## What needs to be done
Write out each record in full and exactly as given. Skip any pictures.
*** Begin section ***
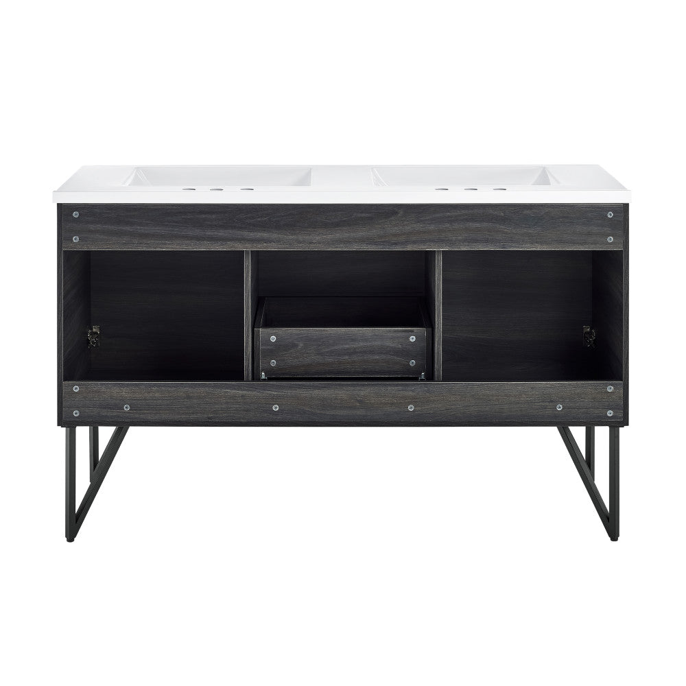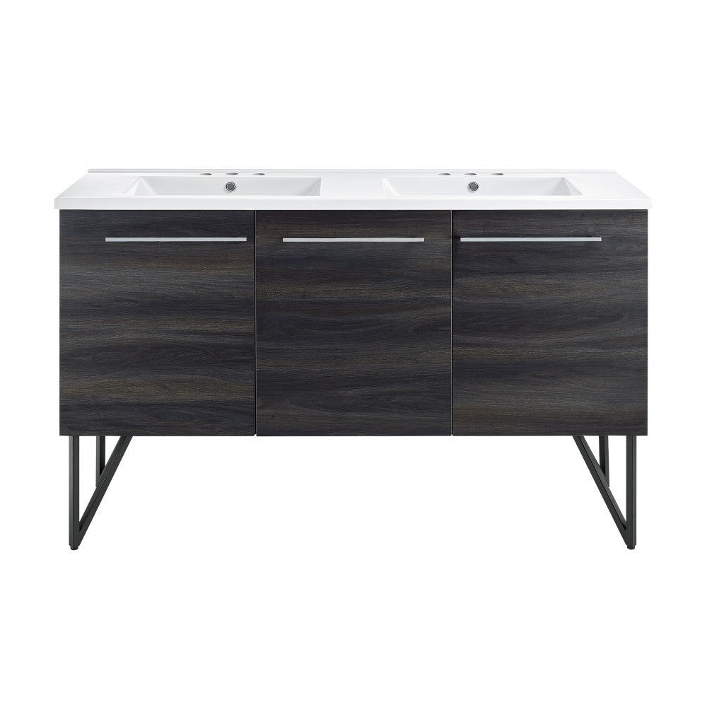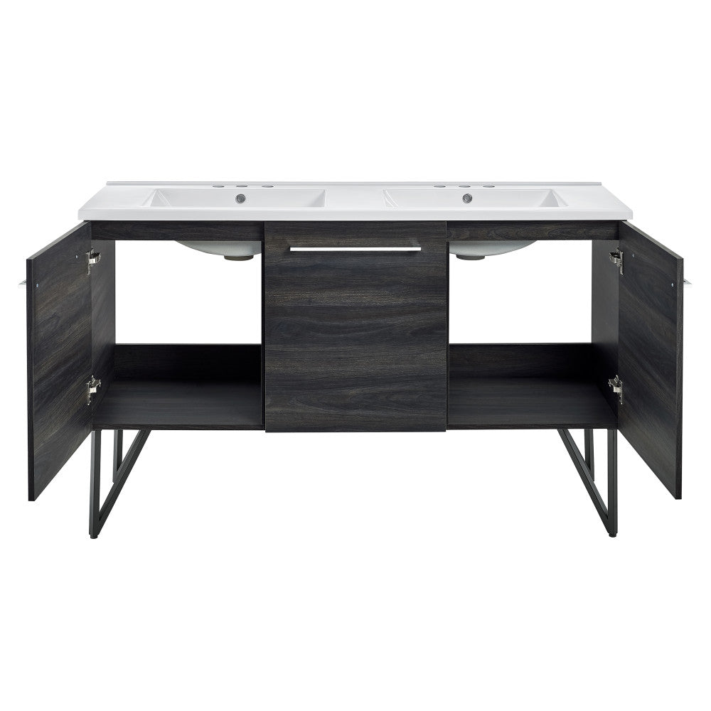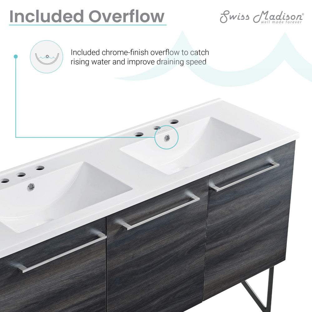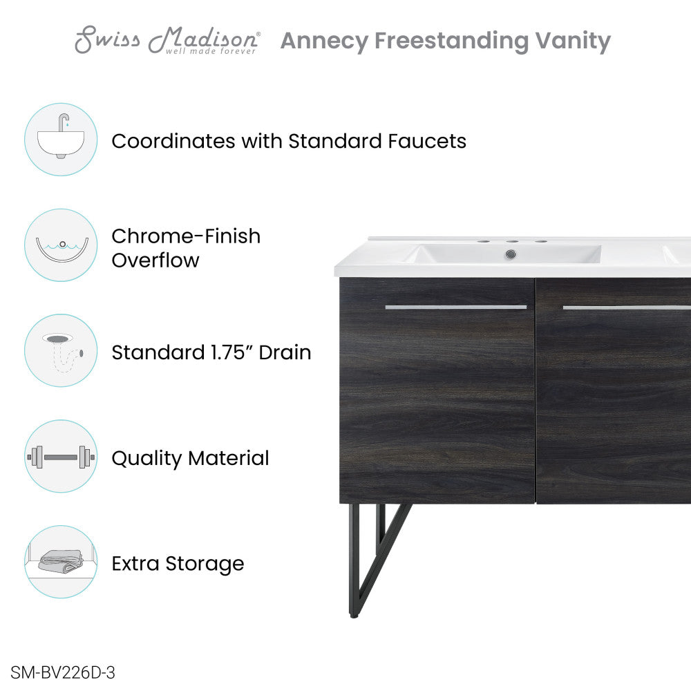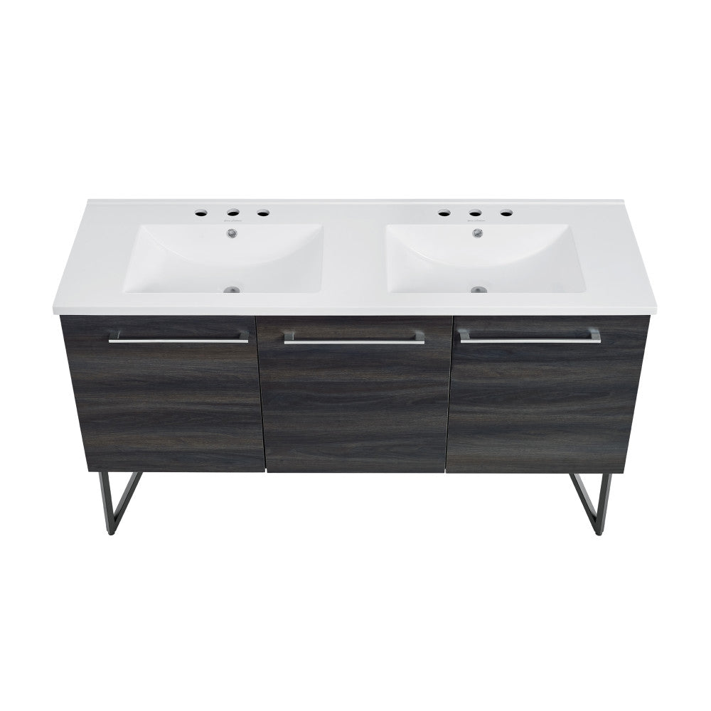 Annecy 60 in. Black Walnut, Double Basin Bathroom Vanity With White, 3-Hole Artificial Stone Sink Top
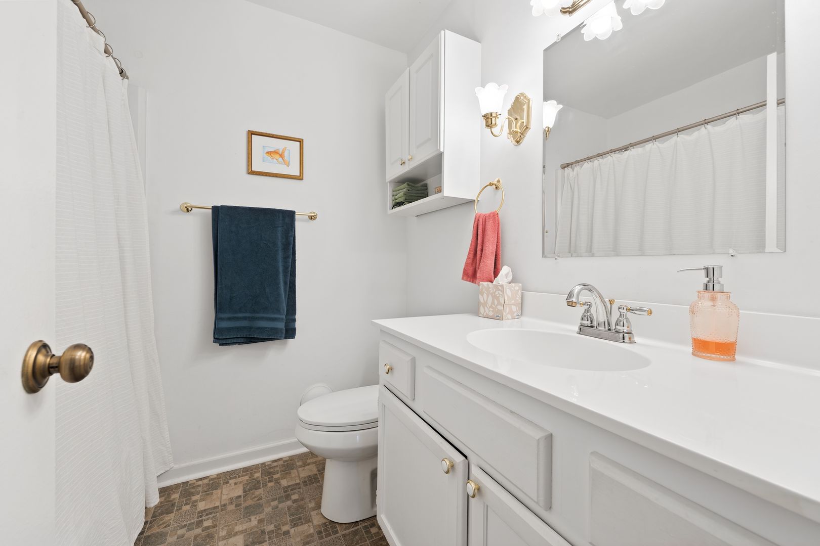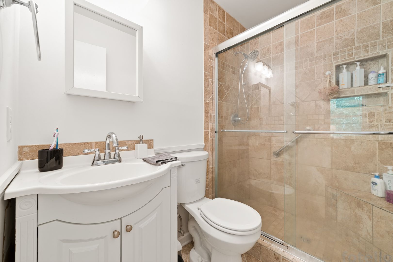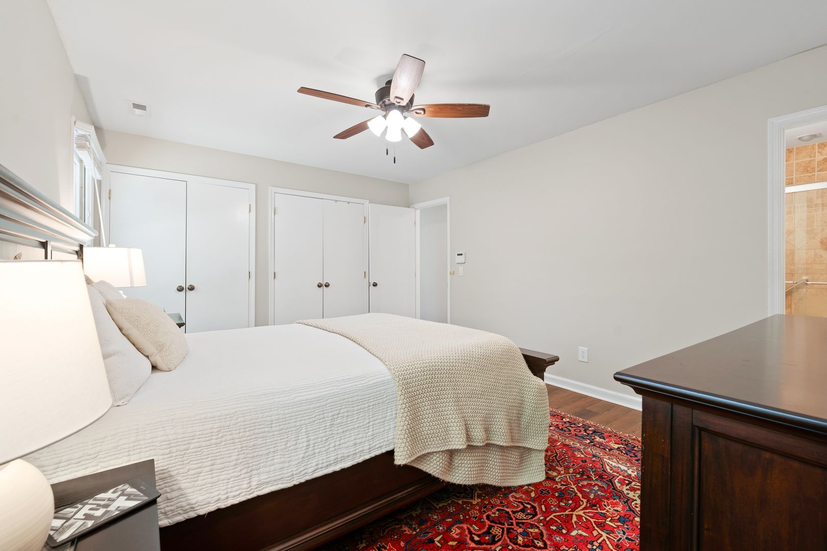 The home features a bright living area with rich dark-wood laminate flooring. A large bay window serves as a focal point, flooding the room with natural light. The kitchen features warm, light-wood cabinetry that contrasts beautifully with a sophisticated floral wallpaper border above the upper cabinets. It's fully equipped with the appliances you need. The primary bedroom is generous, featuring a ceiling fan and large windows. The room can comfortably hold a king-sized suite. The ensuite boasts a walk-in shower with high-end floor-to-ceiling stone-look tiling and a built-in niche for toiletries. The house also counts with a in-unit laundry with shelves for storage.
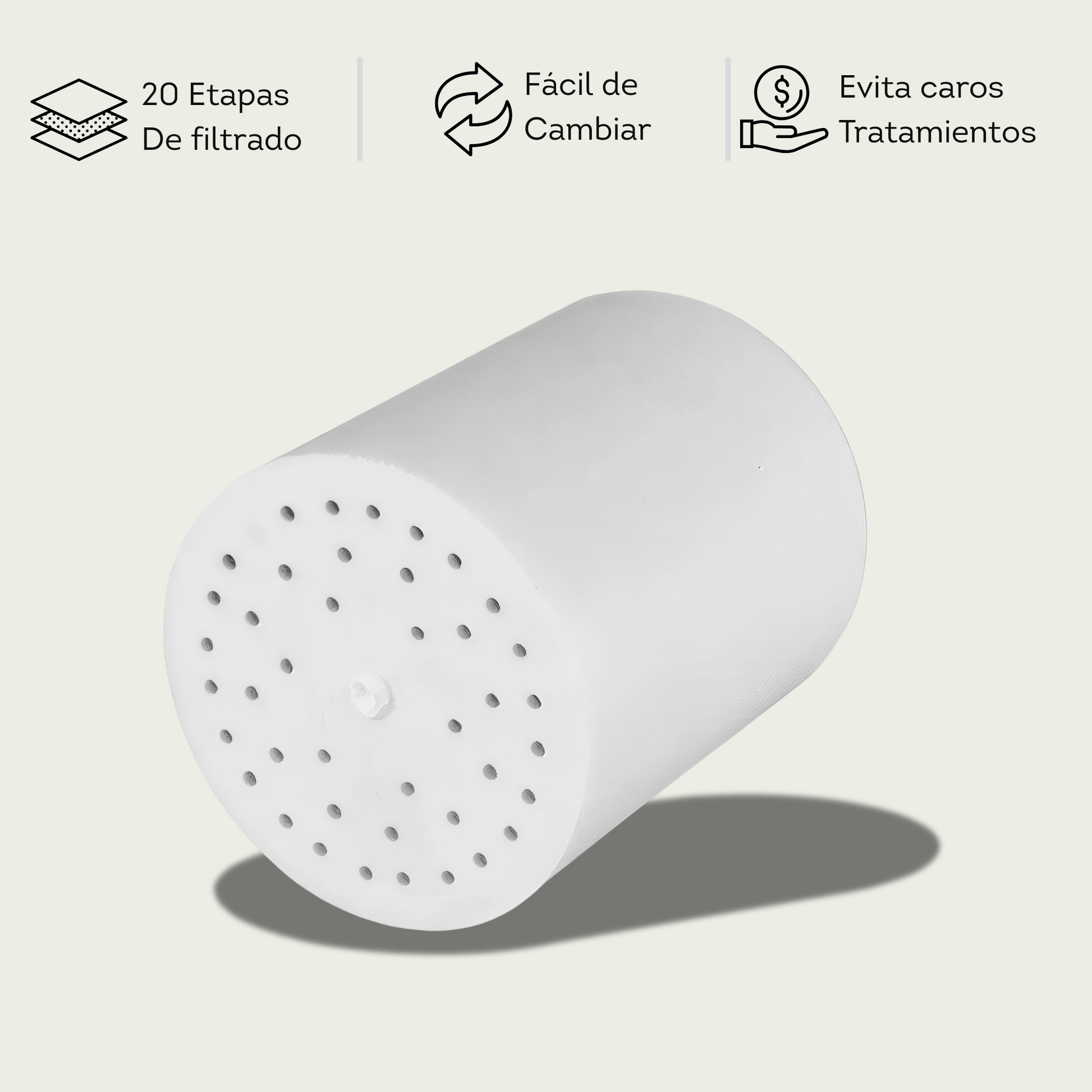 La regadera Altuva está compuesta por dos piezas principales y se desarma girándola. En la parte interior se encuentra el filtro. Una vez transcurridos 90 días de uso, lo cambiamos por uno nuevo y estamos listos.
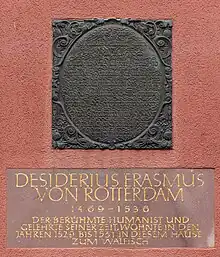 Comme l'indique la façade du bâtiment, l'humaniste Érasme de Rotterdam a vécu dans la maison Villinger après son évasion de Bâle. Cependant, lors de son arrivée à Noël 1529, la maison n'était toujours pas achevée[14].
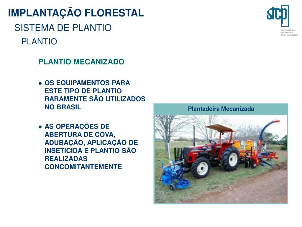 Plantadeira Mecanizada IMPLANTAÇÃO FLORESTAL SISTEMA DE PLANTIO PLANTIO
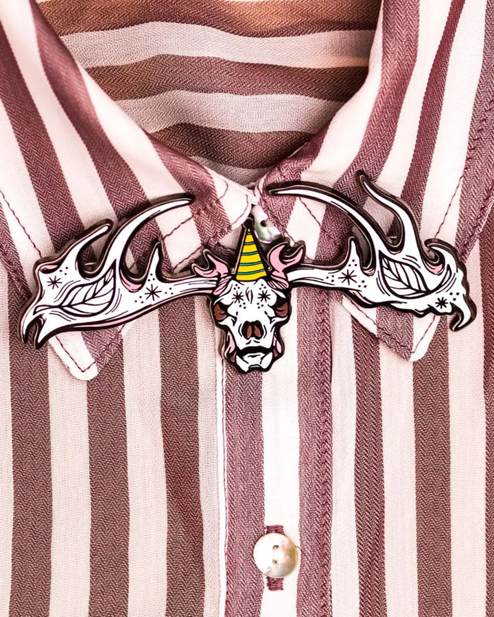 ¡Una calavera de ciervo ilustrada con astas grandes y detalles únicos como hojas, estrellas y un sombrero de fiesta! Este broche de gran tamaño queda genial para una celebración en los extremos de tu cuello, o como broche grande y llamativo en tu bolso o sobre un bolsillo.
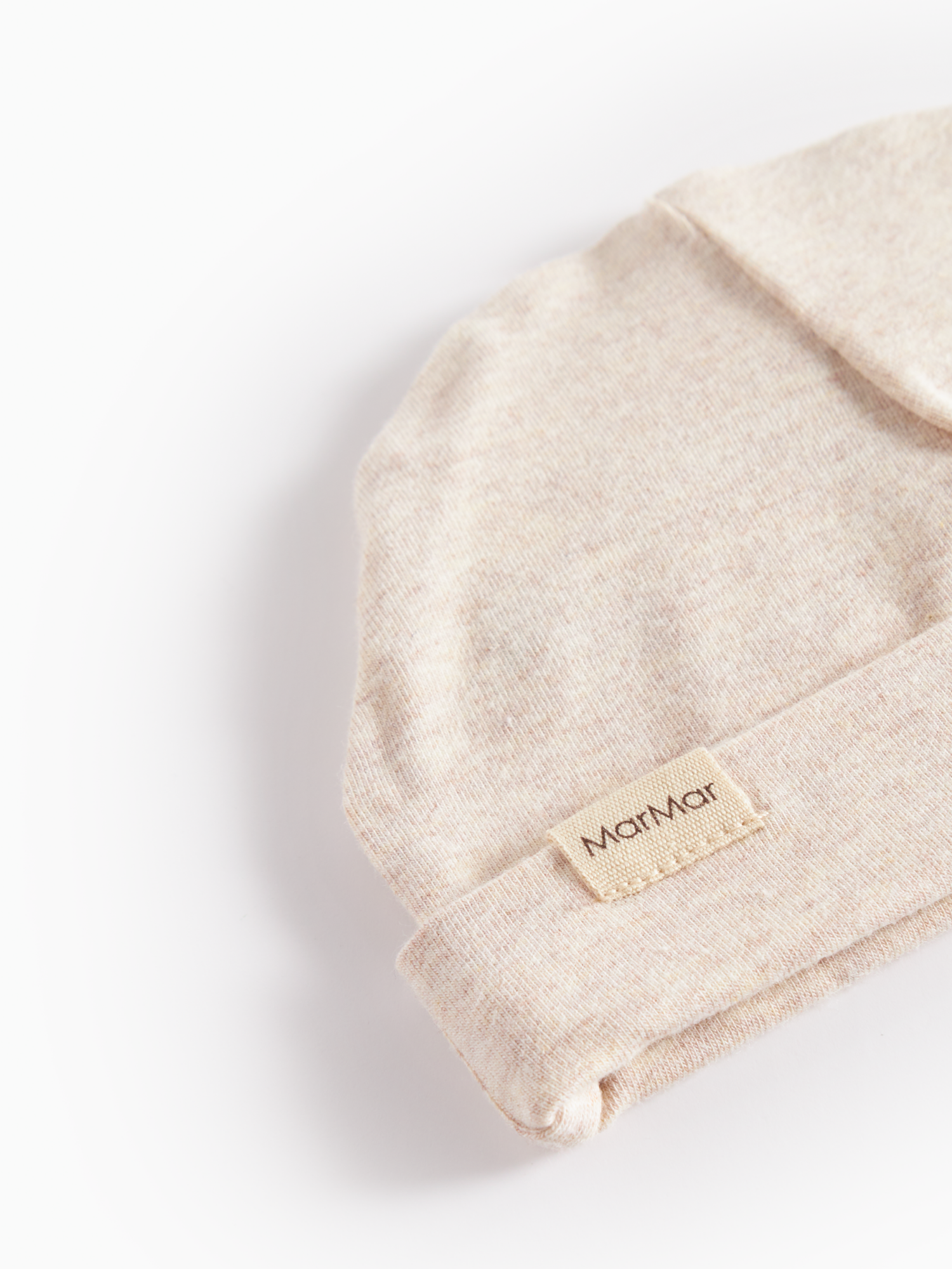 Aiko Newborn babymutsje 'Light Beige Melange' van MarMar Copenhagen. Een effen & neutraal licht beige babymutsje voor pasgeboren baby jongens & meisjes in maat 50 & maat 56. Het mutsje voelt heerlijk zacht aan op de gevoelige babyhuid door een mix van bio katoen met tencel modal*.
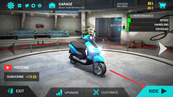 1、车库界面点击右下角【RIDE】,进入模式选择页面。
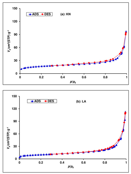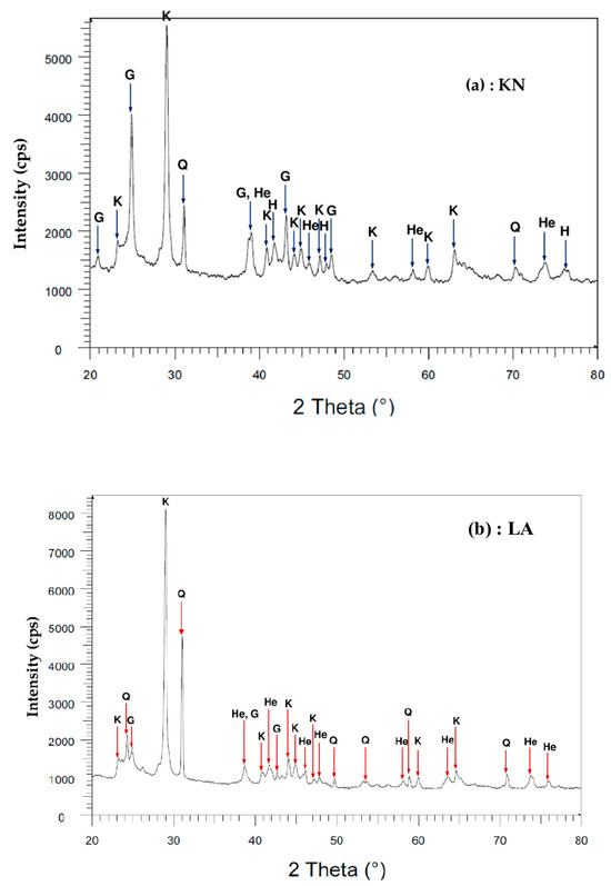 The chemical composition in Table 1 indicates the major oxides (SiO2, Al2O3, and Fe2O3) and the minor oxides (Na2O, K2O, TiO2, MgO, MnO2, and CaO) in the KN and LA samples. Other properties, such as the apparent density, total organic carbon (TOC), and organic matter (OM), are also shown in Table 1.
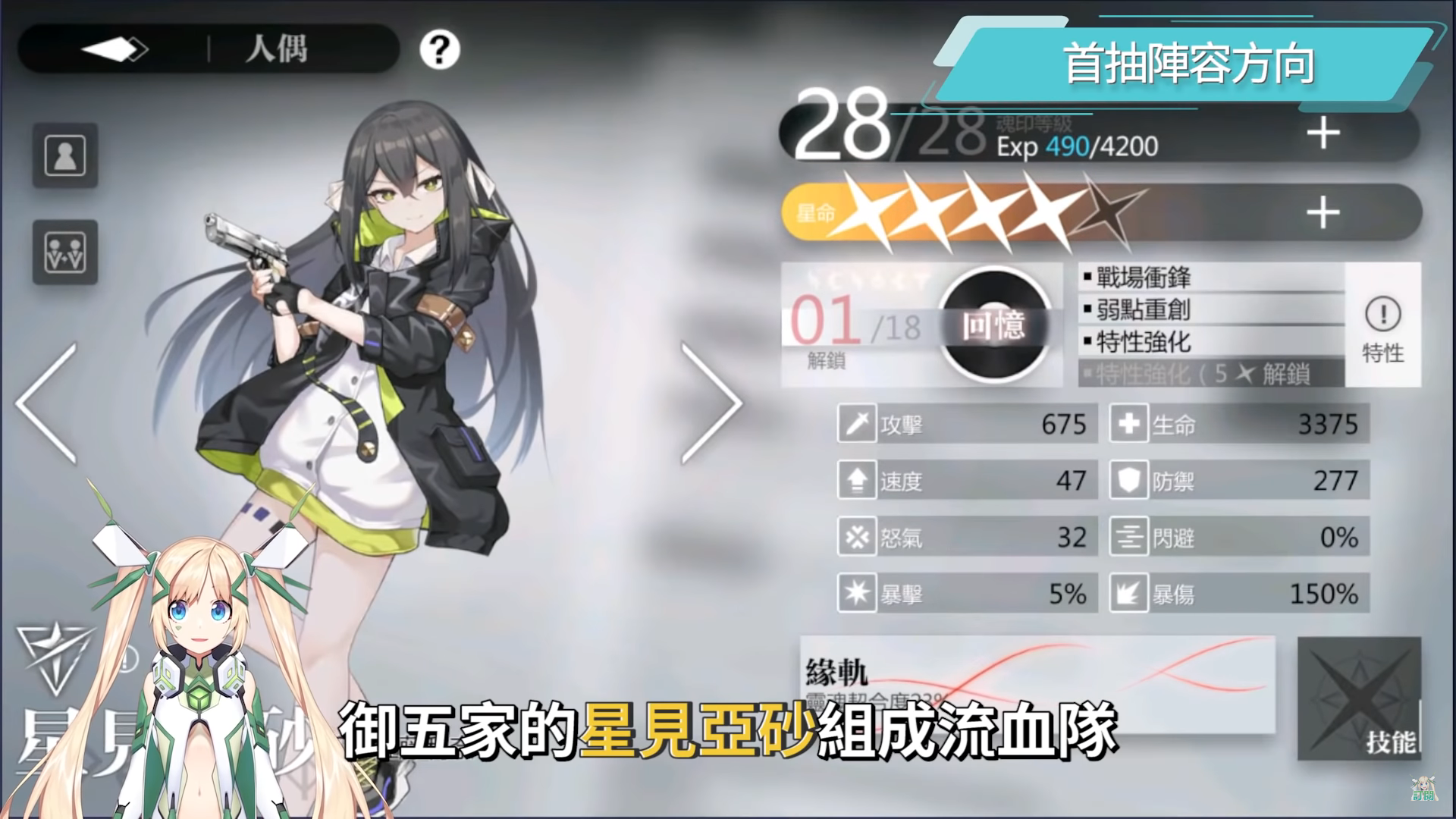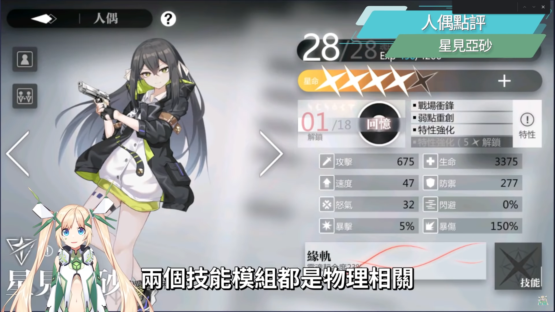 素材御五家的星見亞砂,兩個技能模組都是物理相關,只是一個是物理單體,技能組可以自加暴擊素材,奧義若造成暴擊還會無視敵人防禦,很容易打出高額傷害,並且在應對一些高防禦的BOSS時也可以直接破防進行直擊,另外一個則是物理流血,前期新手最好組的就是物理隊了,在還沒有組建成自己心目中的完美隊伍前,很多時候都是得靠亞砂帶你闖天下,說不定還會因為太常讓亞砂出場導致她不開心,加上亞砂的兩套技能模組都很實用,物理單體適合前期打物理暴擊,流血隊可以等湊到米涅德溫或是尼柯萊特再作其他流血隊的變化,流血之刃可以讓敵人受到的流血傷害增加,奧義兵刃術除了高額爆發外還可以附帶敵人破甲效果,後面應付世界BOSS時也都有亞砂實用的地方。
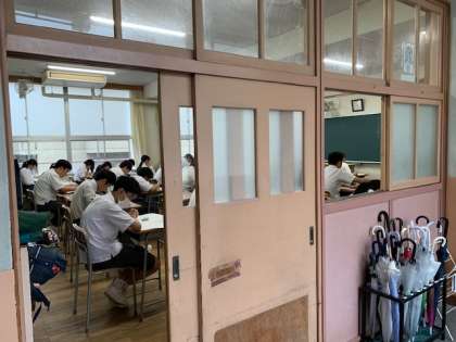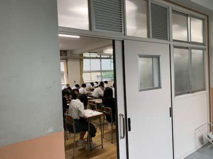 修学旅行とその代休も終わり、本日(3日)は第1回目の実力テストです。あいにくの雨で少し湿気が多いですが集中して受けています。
*** End section ***
## The answer
 Annecy 60 in. Black Walnut, Double Basin Bathroom Vanity With White, 3-Hole Artificial Stone Sink Top
 The home features a bright living area with rich dark-wood laminate flooring. A large bay window serves as a focal point, flooding the room with natural light. The kitchen features warm, light-wood cabinetry that contrasts beautifully with a sophisticated floral wallpaper border above the upper cabinets. It's fully equipped with the appliances you need. The primary bedroom is generous, featuring a ceiling fan and large windows. The room can comfortably hold a king-sized suite. The ensuite boasts a walk-in shower with high-end floor-to-ceiling stone-look tiling and a built-in niche for toiletries. The house also counts with a in-unit laundry with shelves for storage.
 La regadera Altuva está compuesta por dos piezas principales y se desarma girándola. En la parte interior se encuentra el filtro. Una vez transcurridos 90 días de uso, lo cambiamos por uno nuevo y estamos listos.
 Comme l'indique la façade du bâtiment, l'humaniste Érasme de Rotterdam a vécu dans la maison Villinger après son évasion de Bâle. Cependant, lors de son arrivée à Noël 1529, la maison n'était toujours pas achevée[14].
 Plantadeira Mecanizada IMPLANTAÇÃO FLORESTAL SISTEMA DE PLANTIO PLANTIO
 ¡Una calavera de ciervo ilustrada con astas grandes y detalles únicos como hojas, estrellas y un sombrero de fiesta! Este broche de gran tamaño queda genial para una celebración en los extremos de tu cuello, o como broche grande y llamativo en tu bolso o sobre un bolsillo.
 Aiko Newborn babymutsje 'Light Beige Melange' van MarMar Copenhagen. Een effen & neutraal licht beige babymutsje voor pasgeboren baby jongens & meisjes in maat 50 & maat 56. Het mutsje voelt heerlijk zacht aan op de gevoelige babyhuid door een mix van bio katoen met tencel modal*.
 1、车库界面点击右下角【RIDE】,进入模式选择页面。
 The chemical composition in Table 1 indicates the major oxides (SiO2, Al2O3, and Fe2O3) and the minor oxides (Na2O, K2O, TiO2, MgO, MnO2, and CaO) in the KN and LA samples. Other properties, such as the apparent density, total organic carbon (TOC), and organic matter (OM), are also shown in Table 1.
 素材御五家的星見亞砂,兩個技能模組都是物理相關,只是一個是物理單體,技能組可以自加暴擊素材,奧義若造成暴擊還會無視敵人防禦,很容易打出高額傷害,並且在應對一些高防禦的BOSS時也可以直接破防進行直擊,另外一個則是物理流血,前期新手最好組的就是物理隊了,在還沒有組建成自己心目中的完美隊伍前,很多時候都是得靠亞砂帶你闖天下,說不定還會因為太常讓亞砂出場導致她不開心,加上亞砂的兩套技能模組都很實用,物理單體適合前期打物理暴擊,流血隊可以等湊到米涅德溫或是尼柯萊特再作其他流血隊的變化,流血之刃可以讓敵人受到的流血傷害增加,奧義兵刃術除了高額爆發外還可以附帶敵人破甲效果,後面應付世界BOSS時也都有亞砂實用的地方。
 修学旅行とその代休も終わり、本日(3日)は第1回目の実力テストです。あいにくの雨で少し湿気が多いですが集中して受けています。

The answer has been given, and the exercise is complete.